### What you will do
Of all the entries below, retype only the lines from the one with "Đầm bé gái cherry" through the one with "閻錫山史料/文件/電報/各方往來電文原案及錄存", exactly as they appear.

### Data to examine
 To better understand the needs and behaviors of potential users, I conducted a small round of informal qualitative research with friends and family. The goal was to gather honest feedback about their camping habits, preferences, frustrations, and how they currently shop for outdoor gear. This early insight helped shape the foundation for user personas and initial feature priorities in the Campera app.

==

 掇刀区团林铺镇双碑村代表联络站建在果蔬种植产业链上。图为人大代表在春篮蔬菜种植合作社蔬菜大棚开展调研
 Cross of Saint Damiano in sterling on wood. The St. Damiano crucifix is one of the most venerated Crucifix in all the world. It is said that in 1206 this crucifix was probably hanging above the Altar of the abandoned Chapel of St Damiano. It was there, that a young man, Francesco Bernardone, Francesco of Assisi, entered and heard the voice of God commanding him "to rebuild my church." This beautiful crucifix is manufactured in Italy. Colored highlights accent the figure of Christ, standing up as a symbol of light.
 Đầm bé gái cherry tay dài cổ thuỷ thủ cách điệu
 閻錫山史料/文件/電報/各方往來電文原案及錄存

--

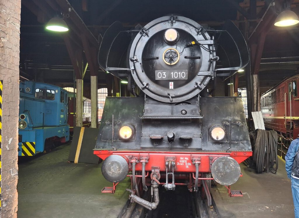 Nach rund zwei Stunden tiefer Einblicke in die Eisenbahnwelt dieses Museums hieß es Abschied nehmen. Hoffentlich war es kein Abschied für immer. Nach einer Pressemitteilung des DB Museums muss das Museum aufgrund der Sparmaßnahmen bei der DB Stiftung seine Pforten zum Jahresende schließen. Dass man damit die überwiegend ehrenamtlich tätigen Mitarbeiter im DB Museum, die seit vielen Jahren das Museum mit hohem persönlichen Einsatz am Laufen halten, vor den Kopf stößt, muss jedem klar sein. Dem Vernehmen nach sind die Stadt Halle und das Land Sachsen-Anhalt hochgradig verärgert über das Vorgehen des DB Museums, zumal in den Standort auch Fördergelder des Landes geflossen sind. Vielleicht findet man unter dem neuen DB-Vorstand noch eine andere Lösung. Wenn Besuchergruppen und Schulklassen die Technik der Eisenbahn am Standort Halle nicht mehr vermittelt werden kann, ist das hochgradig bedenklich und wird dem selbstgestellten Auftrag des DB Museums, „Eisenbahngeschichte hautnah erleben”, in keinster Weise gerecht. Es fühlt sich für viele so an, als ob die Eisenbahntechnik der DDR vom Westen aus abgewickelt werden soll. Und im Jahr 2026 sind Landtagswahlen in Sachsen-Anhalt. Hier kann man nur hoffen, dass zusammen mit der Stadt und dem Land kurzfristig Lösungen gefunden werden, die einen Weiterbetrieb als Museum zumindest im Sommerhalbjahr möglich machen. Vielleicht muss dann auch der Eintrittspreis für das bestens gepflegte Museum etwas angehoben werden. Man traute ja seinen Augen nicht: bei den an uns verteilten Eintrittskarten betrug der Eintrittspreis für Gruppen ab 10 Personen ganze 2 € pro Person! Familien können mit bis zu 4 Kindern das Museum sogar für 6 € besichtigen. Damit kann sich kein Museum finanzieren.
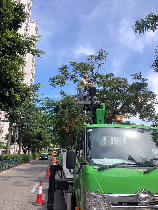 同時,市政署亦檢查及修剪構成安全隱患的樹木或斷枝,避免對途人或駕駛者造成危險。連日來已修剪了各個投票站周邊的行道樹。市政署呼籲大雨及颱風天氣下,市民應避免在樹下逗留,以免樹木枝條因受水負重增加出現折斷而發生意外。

### Problem solution
 Đầm bé gái cherry tay dài cổ thuỷ thủ cách điệu
 閻錫山史料/文件/電報/各方往來電文原案及錄存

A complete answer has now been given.